Drawing Projects UK presents the exhibition Consequences from 17 March 2018 - 28 April 2018, a collection of drawings, photography, prints and paintings that reflect on the notion of consequence, whether this be chance, intentional, inadvertent, deliberate, playful or fortuitous. Featuring works by Laylah Ali, Yvonne Crossley, Richard Dunn, Peter de Francia, Ilya Kabakov, Margaret Kilgallen, Christopher James and Bedwyr Williams. These images represent, in different sometimes oblique, sometimes difficult, even harrowing ways, critical moments in narratives, relationships, single events, and identity.

These two enigmatic graphic works from a larger series entitled Serial Consequences [2017] by Yvonne Crossley set the agenda and title for the exhibition. Their visual game is playful in intent and yet, on closer inspection, depicts mutating presences that traverse and bridge the two halves of a formal pictorial divide.  

Laylah Ali's print from her Drawing from the Typology series [2007] meticulously renders an ornately patterned black and white image of a character culled from an imaginary anthropology from a series that focusses on the myriad ways in which identity becomes manifest — through clothing, hairstyle, skin colour, physical attributes or abilities.

Richard Dunn's atmospheric genre paintings, Normal Picture (Typewriter) and Normal (Picture House and Gun) both from 1981, are carefully wrought meditations on psychological effects of objects and experience on our imagination. The deadpan quality of these unexplained 'still-life’ images, implies a sense of threat and a dark undercurrent of unspoken danger.

Peter de Francia’s drawings have a strong element of satire and caricature and strong social and political themes explored through myth and storytelling. He exposes the horror of man's treatment of man, but there are also intimations of aspirations for something better - a world of friendship and camaraderie and simple pleasures. Here, in this drawing from the 1990s, he depicts a painter trying to represent an idealised world, while terror and violence surround and pervade that quest.

Since the early 1990s, Russian-born Ilya & Emilia Kabakov have collaborated to make complex installations that combine references to history, art, literature and philosophy. Much of their work has revolved around the creation of elaborate fictional characters and situations, with an interest in storytelling and fantasy underpinning their work. This print reproduces one of Ilya Kabakov's preparatory drawings for The House of Dreams at the Serpentine Gallery, London in 2005 and, and is loosely based on the gallery's architecture, depicting an idealised vision of the installation. 

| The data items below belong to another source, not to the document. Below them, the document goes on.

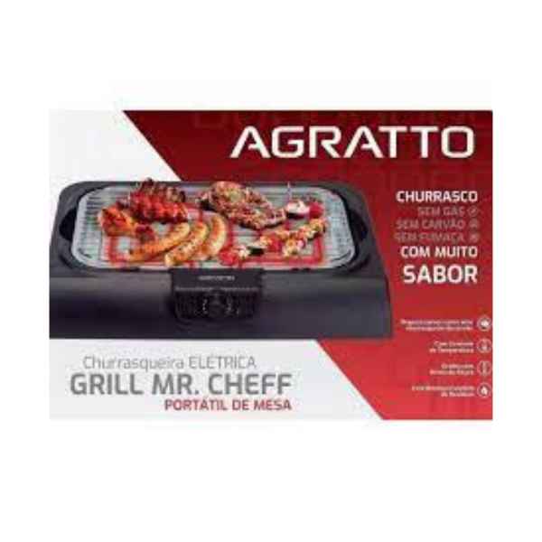 rática na hora de preparar diversas opções de grelhados: carnes, aves, peixes e legumes. A Churrasqueira Elétrica Agratto é ideal para sua residência. Com o ajuste de temperatura e a grelha com regulagem de altura você prepara diversos tipos de alimentos. Assados deliciosos na comodidade de sua casa. Por não necessitar de carvão pode ser usada dentro da casa ou apartamento, pois faz muito menos fumaça, preservando a pureza do ar no ambiente. Seu termostato com ajuste de temperatura e a grelha com regulagem
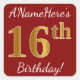 Red, Faux Gold 16th Birthday + Custom Name Sticker
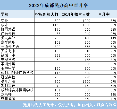 以下是统计到的目前成都各个高中初升高的直升率,根据学校2019年公布的招生人数和今年直升人数得出,有部分学校没有公布自己的招生人数,所以未统计在其中。
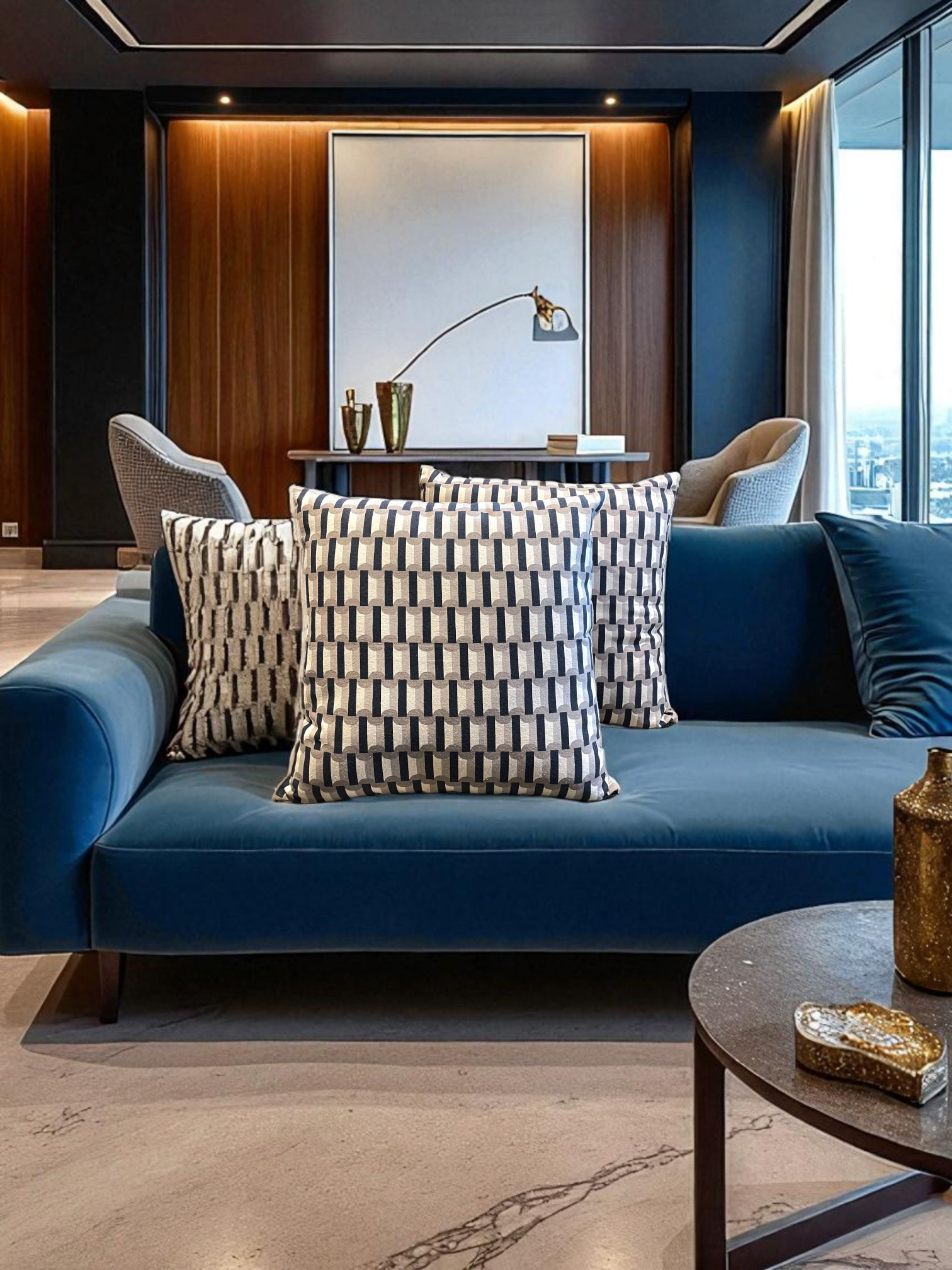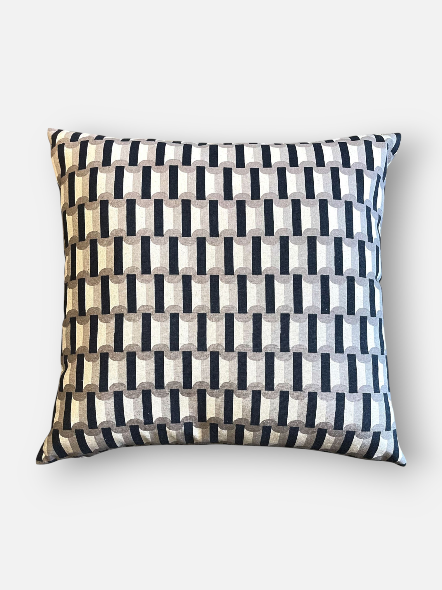 Strike the perfect balance between bold geometry and refined elegance with Rhythm Cushion - a cushion inspired by the timeless sophistication of Art Deco design. Featuring interlocking vertical motifs in deep charcoal, taupe, and ivory tones, this piece creates a sense of movement and harmony that adds depth to any interior. The structured yet fluid pattern makes it a stunning accent for modern, retro-chic, or minimalist spaces. Elevate your décor with a touch of rhythmic luxury that never goes out of style.
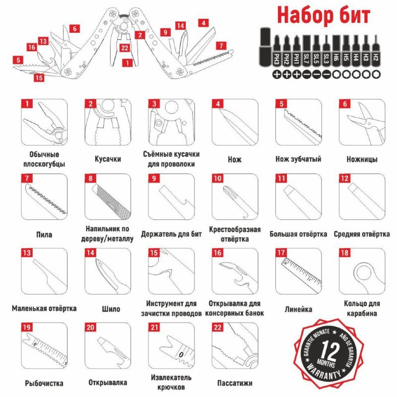Розмір інструменту - 10,5х5см. Товщина - 1,5 см. При цьому комплектність мультитула становить 22 інструменту, що робить його багатофункціональним і при цьому по-справжньому ергономічним.
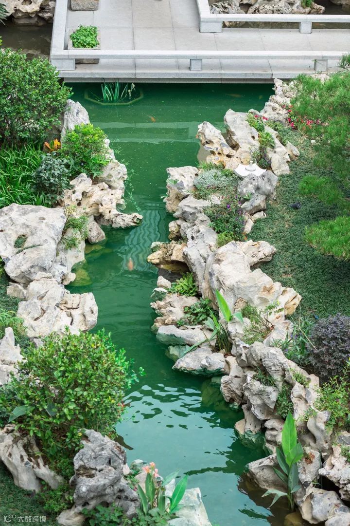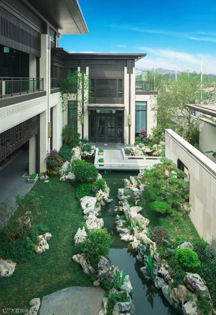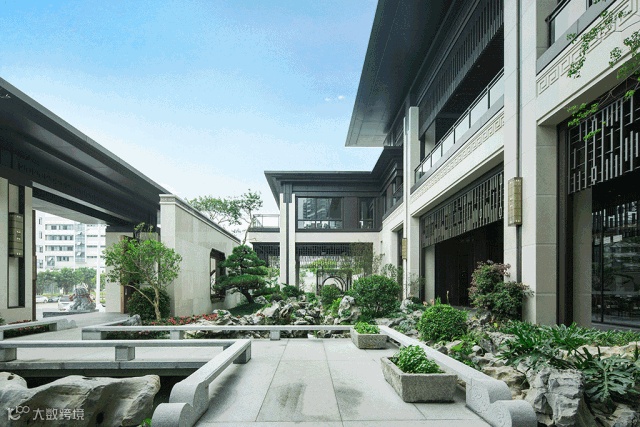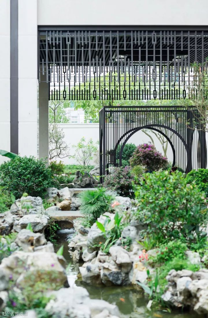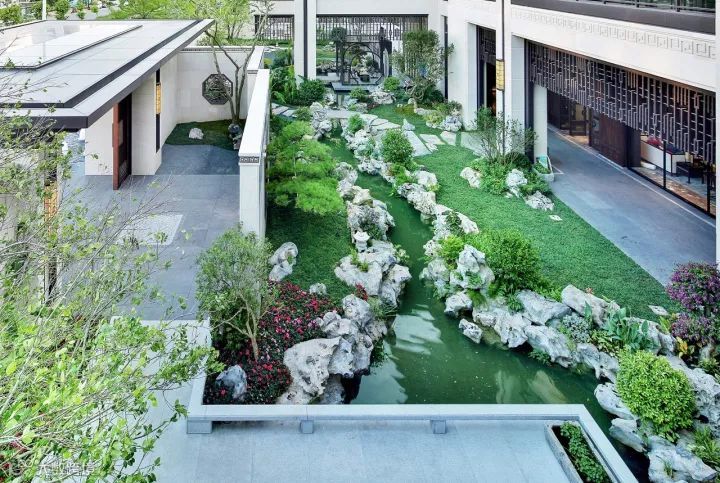 设计在中式园林中延续古典精髓,构设了这个静美的、诗一般的自然灵界。为规避都市熙攘喧嚣,创作团队在整体设计中界定出敞亮的前厅、围合的中庭、及静谧的后院三个核心空间、五个景观区域。整体景观序列呼应建筑及室内空间,昭示出收放有致、交互渗透、虚实结合的景观空间形态。
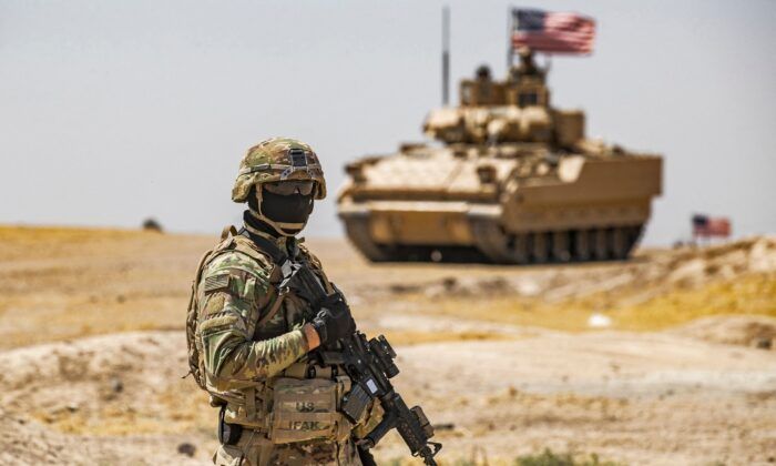 A U.S. soldier stands near a Bradley Fighting Vehicle (BFV) during a patrol near the Rumaylan (Rmeilan) oil wells in Syria's northeastern Hasakeh province on June 22, 2021. (Delil Soulieman/AFP via Getty Images)
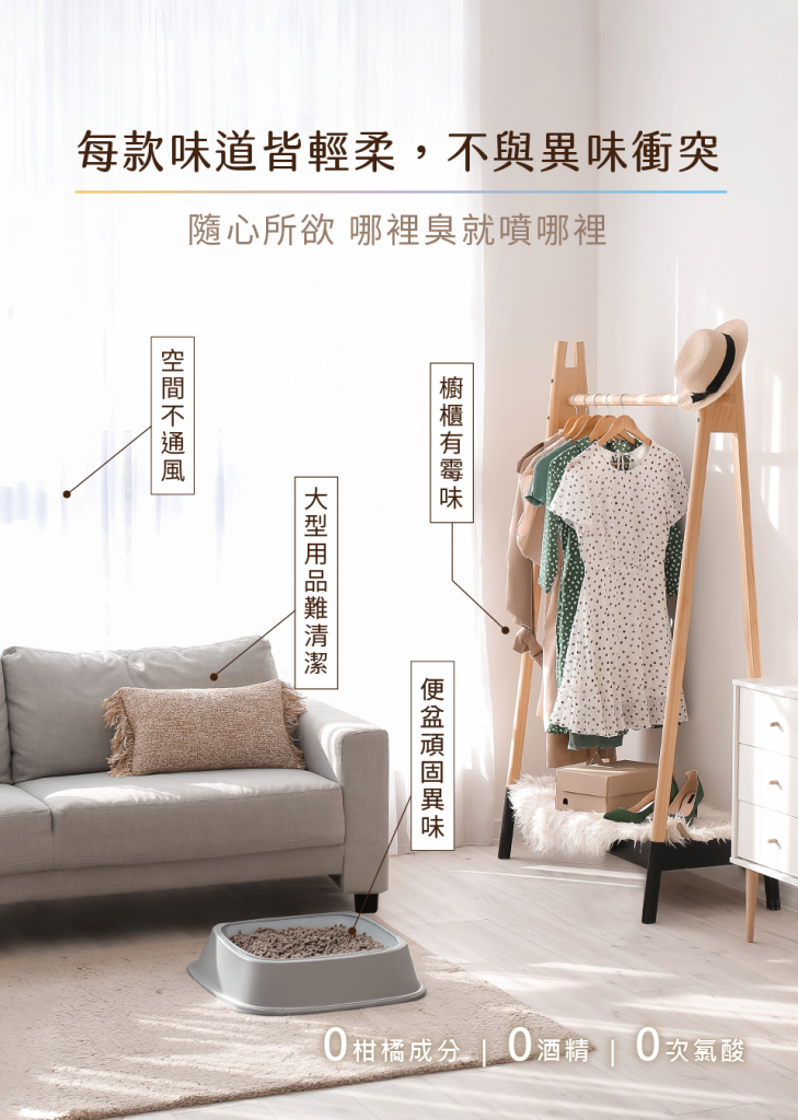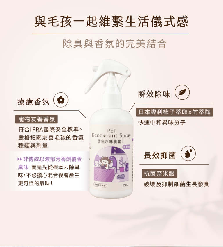 瞬效除臭x長效抑菌x寵物友善香氛,日本專利,三效合一。
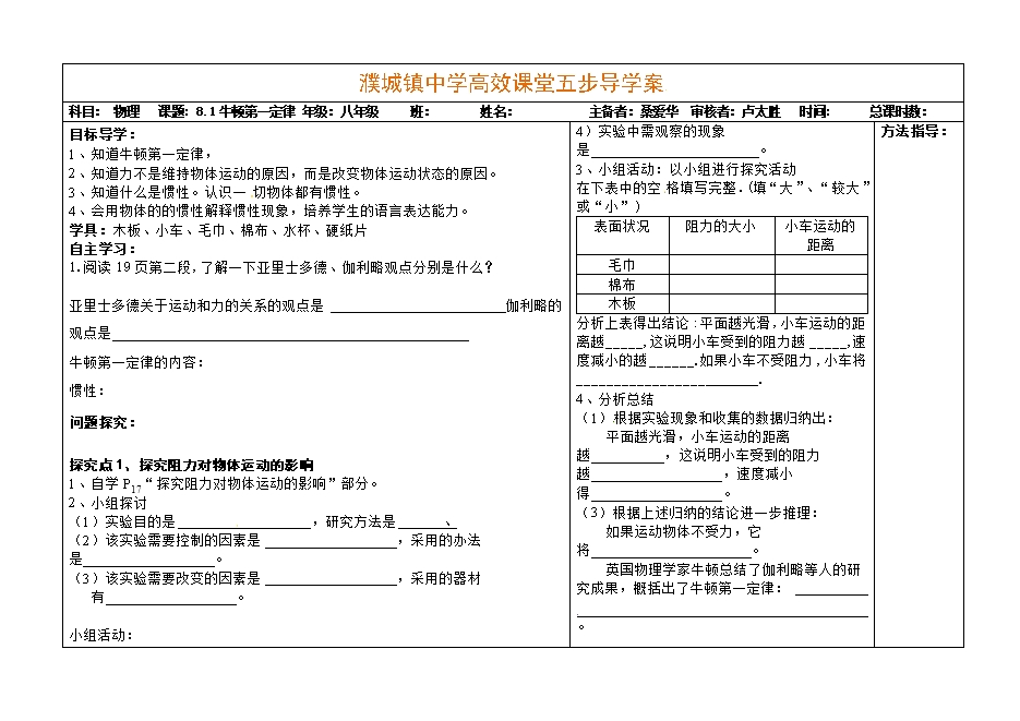 1、自学P17“探究阻力对物体运动的影响”部分。

Margaret Kilgallen’s work reflects a variety of influences, including the increasingly rare art of hand-painted signs with elements of American folk art and mural painting. Half-Cocked is a powerful example of Killgallen’s dynamic multi-cultured fusion of typography and narrative. Describing Kilgallen’s work, critic Roberta Smith, said, “The overall result was impure Americana, a slightly acidic nostalgia that evoked sideshows, tramp art and old travel posters with infusions of feminist wit.”

Ferris Wheel and Corpse, New Delhi, India [1995] is from a series of photographs by Christopher James that document a period of travel in India, and depicts a melancholic and haunting scene of death and play, side by side. 

Bedwyr Williams is interested in the absolute worst-case scenarios and the people that get caught up in them. Echt [2014], a major immersive installation, included a film depicting a dystopian future in which a fast-track feudal system has left the country divided among new chieftains. In this new world, where status is based on conspicuous consumption, hoarders are kings. These accumulators of objects and junk have set up their new courts in former dancehalls and nightclubs, and are accompanied by a host of Williams’ acutely observed characters. ECHT 1 and ECHT 5 were made for Northern Print in an edition of 30.